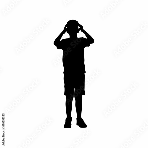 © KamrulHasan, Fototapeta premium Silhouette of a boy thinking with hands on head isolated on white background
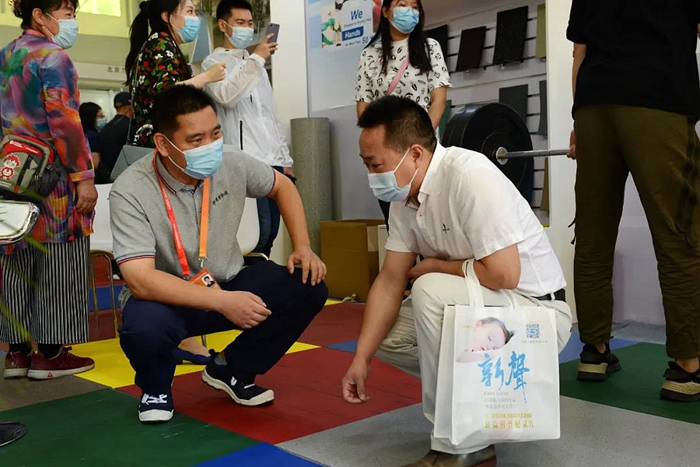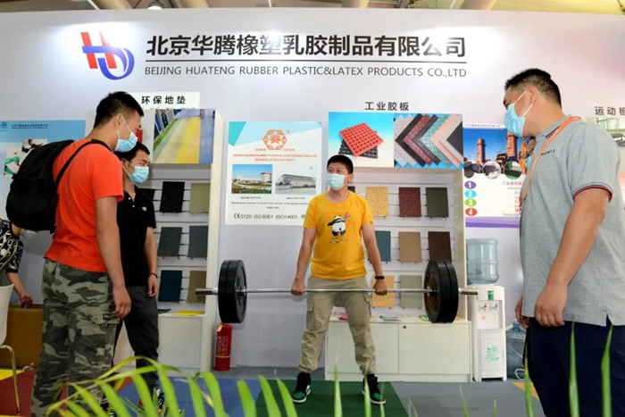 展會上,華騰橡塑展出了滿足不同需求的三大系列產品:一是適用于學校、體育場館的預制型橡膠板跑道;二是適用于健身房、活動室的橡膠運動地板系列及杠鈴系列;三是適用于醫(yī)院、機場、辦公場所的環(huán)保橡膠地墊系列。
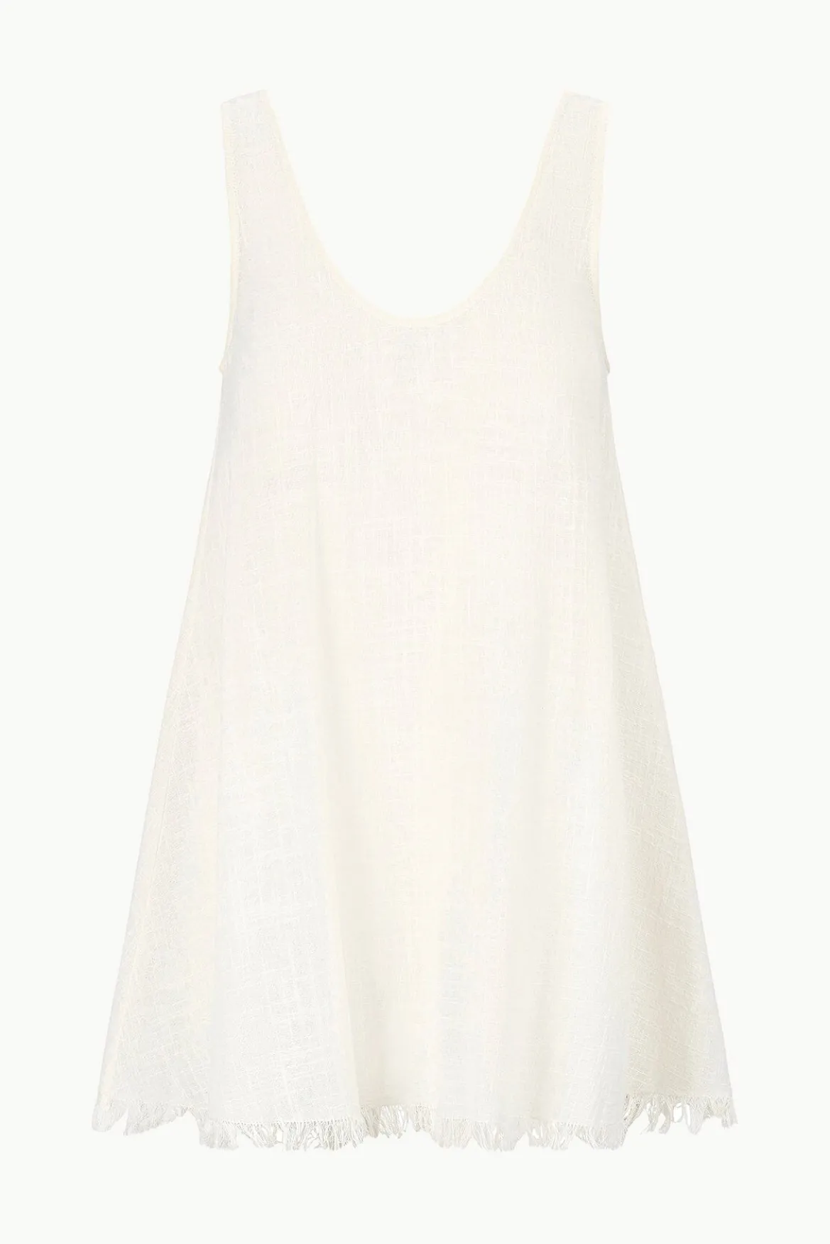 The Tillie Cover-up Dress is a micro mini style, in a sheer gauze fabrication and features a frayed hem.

Instructions for the task: Without including any pictures, copy every line above exactly.

Completed task:
 © KamrulHasan, Fototapeta premium Silhouette of a boy thinking with hands on head isolated on white background
 展會上,華騰橡塑展出了滿足不同需求的三大系列產品:一是適用于學校、體育場館的預制型橡膠板跑道;二是適用于健身房、活動室的橡膠運動地板系列及杠鈴系列;三是適用于醫(yī)院、機場、辦公場所的環(huán)保橡膠地墊系列。
 The Tillie Cover-up Dress is a micro mini style, in a sheer gauze fabrication and features a frayed hem.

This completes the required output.